Monday, May 31, 2010

Real World Ruby and Cassandra


At OtherInbox I recently built a QA system using the Cassandra datastore. I really like this technology and so far I would recommend it, but the learning curve for Rubyists is still pretty high. There are some good examples online (especially the canonical article by Evan Weaver) but nothing showing more intermediate, real-world usage. Hence, this article.

The system requires us to log millions of events per day. I could have built it using a traditional relational database like MySQL (which we use for the main application), but these factors led me to consider a NoSQL database:
  • We're only interested in large patterns in data, so we don't need 100% ACID assurance that every single write will succeed. The system would be useful to us even if it only caught 80% of the events.
  • Since we perform these actions millions of times per day, write speed is the prime consideration.
  • The QA reports are generated offline, once per day. We don't mind if reads happen more slowly, or if we need to do some extra programming to build reports because we can't use SQL.
  • The shear volume of events made me less excited about punishing a MySQL table.
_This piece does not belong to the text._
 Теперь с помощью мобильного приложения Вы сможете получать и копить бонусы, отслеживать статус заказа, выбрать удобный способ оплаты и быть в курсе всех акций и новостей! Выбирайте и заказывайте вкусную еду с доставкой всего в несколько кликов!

We already do a lot of extra work to keep MySQL healthy performing OtherInbox's main functions via sharding.
  • I was curious to see how a schema-less datastore would change the way I solved programming problems.
I will assume you have read Evan's article as well as the very useful 'WTF is a supercolumn?'. You may also want to read through the Twissandra Python code as well as the tests for Evan's cassandra gem.
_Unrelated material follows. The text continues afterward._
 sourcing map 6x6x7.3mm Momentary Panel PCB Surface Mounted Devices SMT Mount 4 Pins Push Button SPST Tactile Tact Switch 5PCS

I've been playing with the technology only for a few months so I'm sure I'll need to correct some parts of this article as I learn more - please comment if something is unclear or incorrect.

It's Sorta Like an Ordered Multi-Dimensional Hash

Rubyists can think of Cassandra like a hash of ordered hashes, or a hash of ordered hashes of ordered hashes, requiring up-front planning to use. You don't have to specify your schema, but you do need to tell Cassandra how your keys and columns will be organized. That affects how the data is stored on disk and how you'll read the data later.
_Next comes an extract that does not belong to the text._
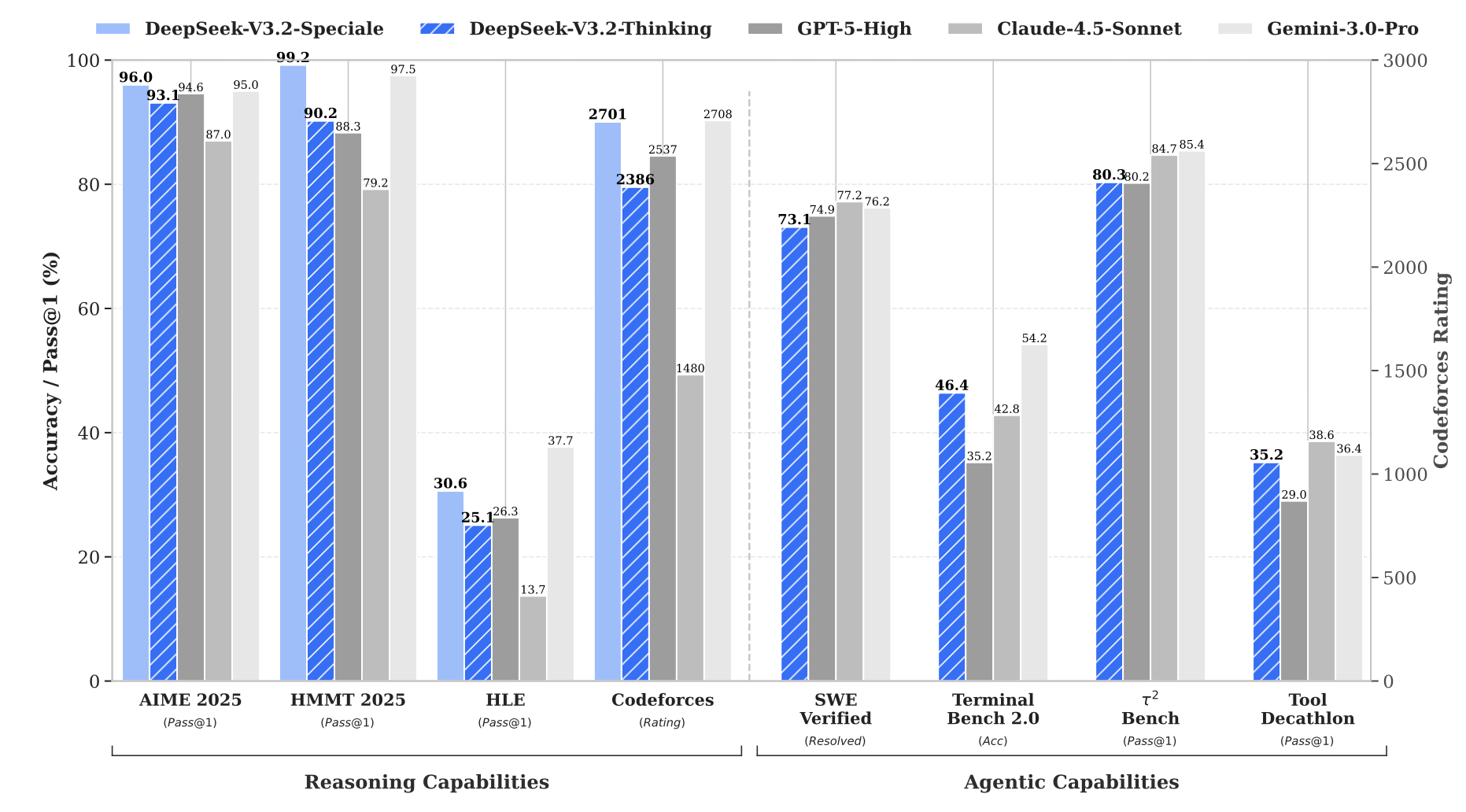Fig. 1. Benchmark of DeepSeek-V3.2 and its counterparts. (Image source: DeepSeek-AI, 2025)

Since the columns are stored in sorted order, Cassandra can answer queries very quickly (which is why it's in use at sites like Facebook and Digg). I had to change the way I built keys and column names several times before I got it right. Anytime you change how the data is stored on disk you need to restart Cassandra.

Columns and ColumnFamilies

ColumFamilies store a set of columns (which you can think of as key-value pairs) partitioned by a row key. The column names can be arbitrary strings, long integers, or UUIDs; at start time you have to tell Cassandra how to sort the column names but beyond that you have complete freedom to create column names that will be useful to you.

 If each row has the same data, you might think of it like this:

{ user_id => {'email'=>'', 'last_name'=>'Jones' }}

Where user_id is the row key (which Cassandra hashes and uses to determine which nodes should store the columns for this piece of data), and 'email', and 'last_name' are column names. Using the gem your code would look like:

@cassandra.insert(:Users,user_id,{ 'email'=>'', 'last_name' => 'Jones'})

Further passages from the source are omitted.